(Records for this exercise)
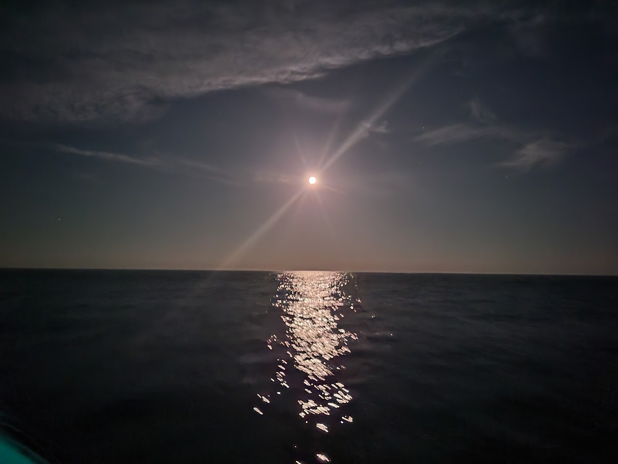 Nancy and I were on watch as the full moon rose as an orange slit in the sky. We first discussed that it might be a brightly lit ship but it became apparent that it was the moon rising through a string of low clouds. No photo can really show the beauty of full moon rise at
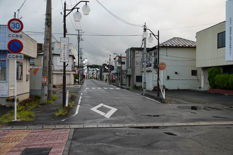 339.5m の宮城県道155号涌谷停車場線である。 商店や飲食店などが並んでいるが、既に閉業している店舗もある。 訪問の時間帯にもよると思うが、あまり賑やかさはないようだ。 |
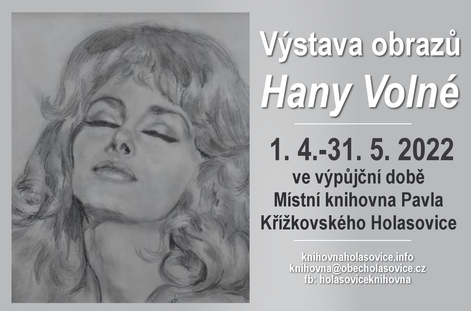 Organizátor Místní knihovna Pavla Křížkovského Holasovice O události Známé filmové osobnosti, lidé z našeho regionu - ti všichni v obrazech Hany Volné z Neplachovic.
(End Records for this exercise)
(Records for this exercise)
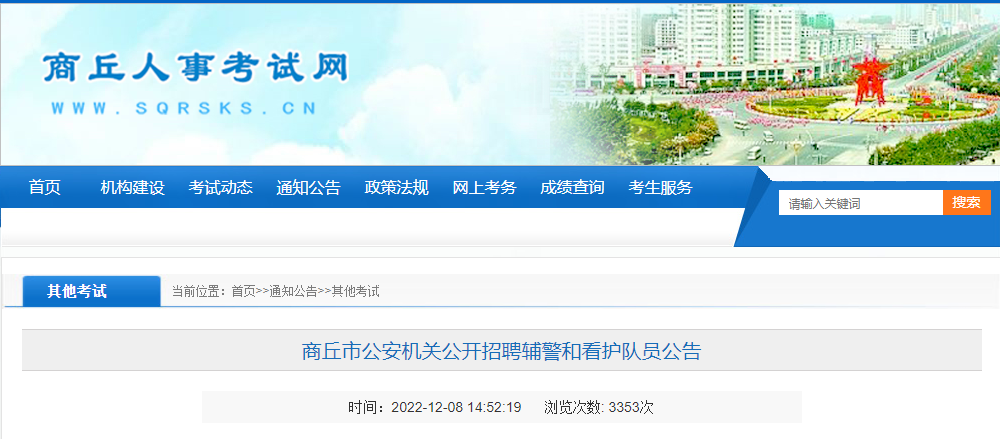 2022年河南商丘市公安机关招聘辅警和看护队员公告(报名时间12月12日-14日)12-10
(End Records for this exercise)
▶ **What the task asks**:
Your answer should consist of the lines above between those holding "Nancy and I" and "Organizátor Místní knihovna", inclusive, reproduced word for word and without pictures.

▶ **Solution for this exercise**:
 Nancy and I were on watch as the full moon rose as an orange slit in the sky. We first discussed that it might be a brightly lit ship but it became apparent that it was the moon rising through a string of low clouds. No photo can really show the beauty of full moon rise at
 339.5m の宮城県道155号涌谷停車場線である。 商店や飲食店などが並んでいるが、既に閉業している店舗もある。 訪問の時間帯にもよると思うが、あまり賑やかさはないようだ。 |
 Organizátor Místní knihovna Pavla Křížkovského Holasovice O události Známé filmové osobnosti, lidé z našeho regionu - ti všichni v obrazech Hany Volné z Neplachovic.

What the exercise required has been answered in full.